Pittsburgh Noir roars forth, exploring the hidden underworld of what has often been called the most livable city in America. Despite Pittsburgh being labeled the country’s most livable city, the fictional citizens populating the 14 high-quality stories in Akashic’s noir anthology centered on the Steel City have the same dreams, frustrations, passions, and vices as anyone else.
When the steel business faltered and died, ‘the smoky city’ reinvented itself as a white-collar urban site, fueled by its thriving universities. It had been a place so dark with pollution in the steel days that men carried clean shirts with them to work in order to change during the day. Now you can see the hills, the rivers, the rhythmic skyline—and as the cameras are fond of displaying at sports events, the city is now glittering and beautiful.
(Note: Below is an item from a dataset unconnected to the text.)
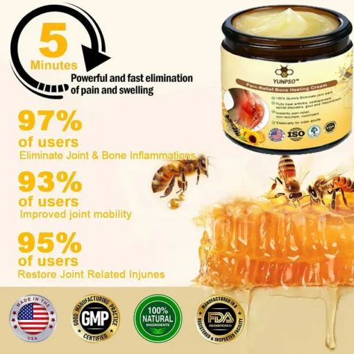 Then our YUNPSO™ Pain-Relief Bone Healing Cream is perfect for you! Working closely with leading experts in the field of naturopathy and apitherapy, we have developed a revolutionary cream that harnesses the healing powers of natural bee venom to fight a wide range of ailments. YUNPSO™ Pain-Relief Bone Healing Cream is your enabler to a pain-free, healthier life that allows you to fully enjoy your days.

What is Pittsburgh to noir and noir to Pittsburgh? It certainly has its rough streets and grisly murders. But dark crime stories depend on something in addition to killing. The best examples of the genre revolve around private moralities and private law; they are the stories of people pushing against real or imagined oppression. In Pittsburgh Noir, as in most of the novels and films that gave the genre its name, the real story is the dark underbelly of existence, the fear and guilt and rebellion and denial in regular people: the woman buying groceries, the man grilling hot dogs. Their secret lives.